Я сначала не понял его, но, когда понял, покраснел и разозлился. От него первого я услышал этот намек, который потом мне не раз приходилось слышать: что не невесту я выбирал, а папу, папу, за спиной которого можно удобно устроиться.

Я разозлился, встал, прошел мимо него, открыл в передней дверь и вышел на лестницу. Ни слова я не сказал ни ему, ни Лене, ни ее матери. У меня губы вспухли от злости. Я уже пробежал один этаж, когда услышал сверху генеральский голос:

- Вернись! Эй, кому говорю, вернись.

И я вернулся.

- Не показывай себя, - сказал он. - Мне можно. Тебе нет. Я отец. Старик. Генерал к тому же. Дочь выдавать - не армией командовать. Опыта у меня тут нет. Ты терпи. Ты приобретаешь, мы с матерью теряем. Дочь... Не ахти какое золото, но родное. Будут у тебя дети, узнаешь, как отдавать в чужие руки. Жили себе, жили - и здрасте, является чужой мужик, чмок тебя в щеку: "Папочка". Сделай милость, ты меня папочкой не называй. Мать зови: она мать, а меня уволь. Это хуже вражеского снаряда.

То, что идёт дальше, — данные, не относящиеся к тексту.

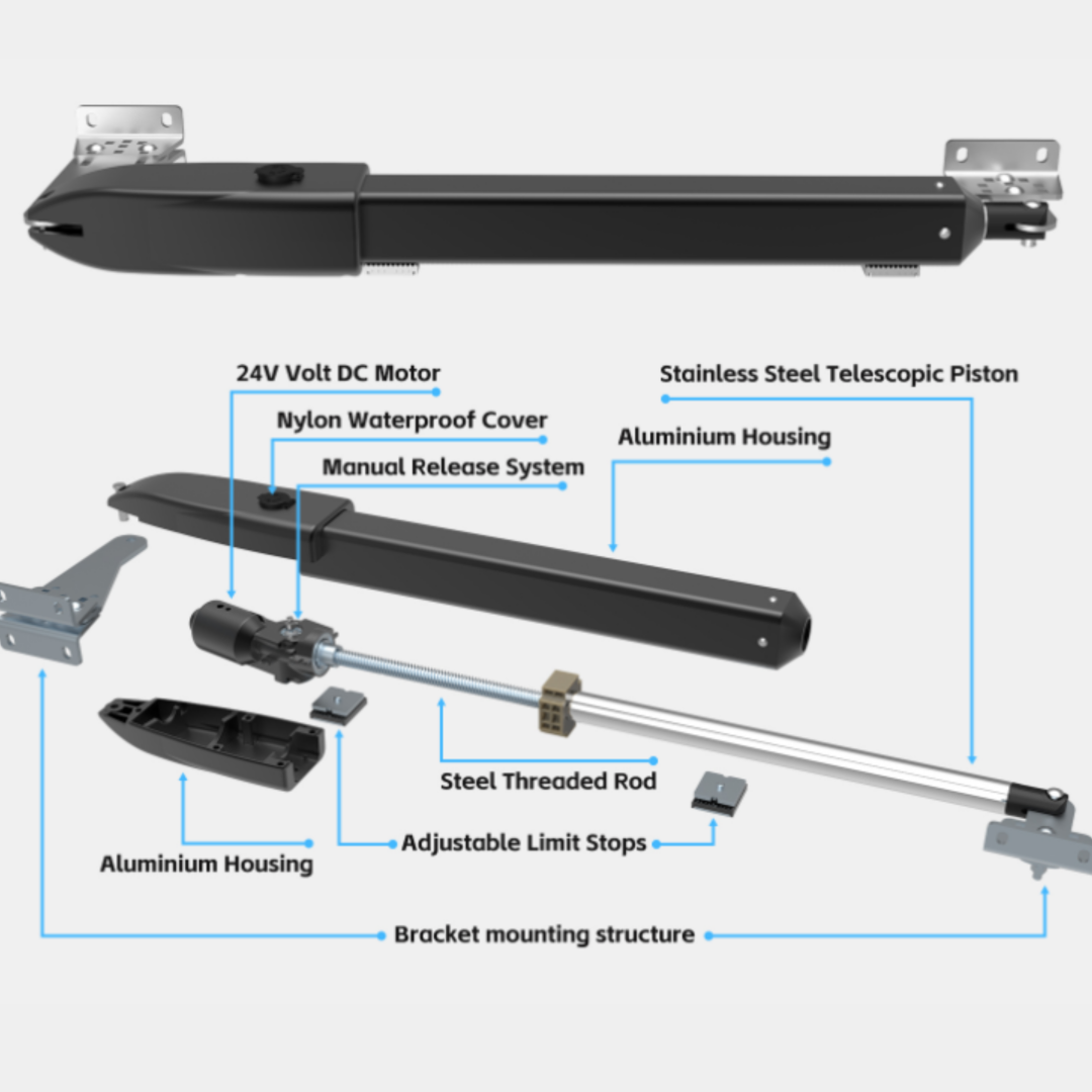 Tělo pohonu je vyrobeno z hliníku a nerezové oceli, což mu dodává dlouhou životnost i odolnost proti povětrnostním vlivům. Díky krytí IP55 pracuje spolehlivě i v dešti, prachu a teplotách od -20 °C do +55 °C.

Мы не поженились с Леной в тот год. Решили дождаться, пока она окончит институт. К тому времени я уже исполнял обязанности начальника цеха и довольно часто бывал в Москве. Лена встречала меня в аэропорту. Она всегда стояла на одном и том же месте, под козырьком буфетного павильона, и всегда держала в руке маленький букетик цветов. Цветы мы обычно теряли по дороге в гостиницу, потому что дорога в гостиницу всегда занимала у нас несколько часов. Мы добирались на такси до окраины города, а потом шли пешком к Охотному ряду через всю Москву. Шли в любую погоду, в любое время - ранним утром или поздней ночью.

Генерал уже привык ко мне и даже будто бы был рад, когда я приезжал. Вообще он любил гостей. Квартира часто была полна людьми. В передней стояли мешки, обшарпанные фанерные чемоданы, перекрученные веревками, возле них, выползая из маленькой комнаты у кухни - "гостевой", как ее называли тут, суетились какие-то старики в валенках, бабы в платках. В квартире тогда кисло пахло овчиной и махоркой. Я так и не понял, кто были эти люди - то ли родственники, то ли генеральские односельчане. Он просиживал с ними часами, до глубокой ночи. А потом, когда все засыпали, долго курил на кухне.

Как-то от дневной беготни разболелась у меня голова. Я вышел на кухню смочить платок. В "гостевой" богатырски храпели гости, мешки в передней пахли яблоками. На кухне сидел мрачный генерал.

- Сядь, - сказал он.

Садиться было не на что, и я прислонился к посудному шкафу.

- Слушай, что ты думаешь обо мне? - спросил он. - Без сиропа. Правду.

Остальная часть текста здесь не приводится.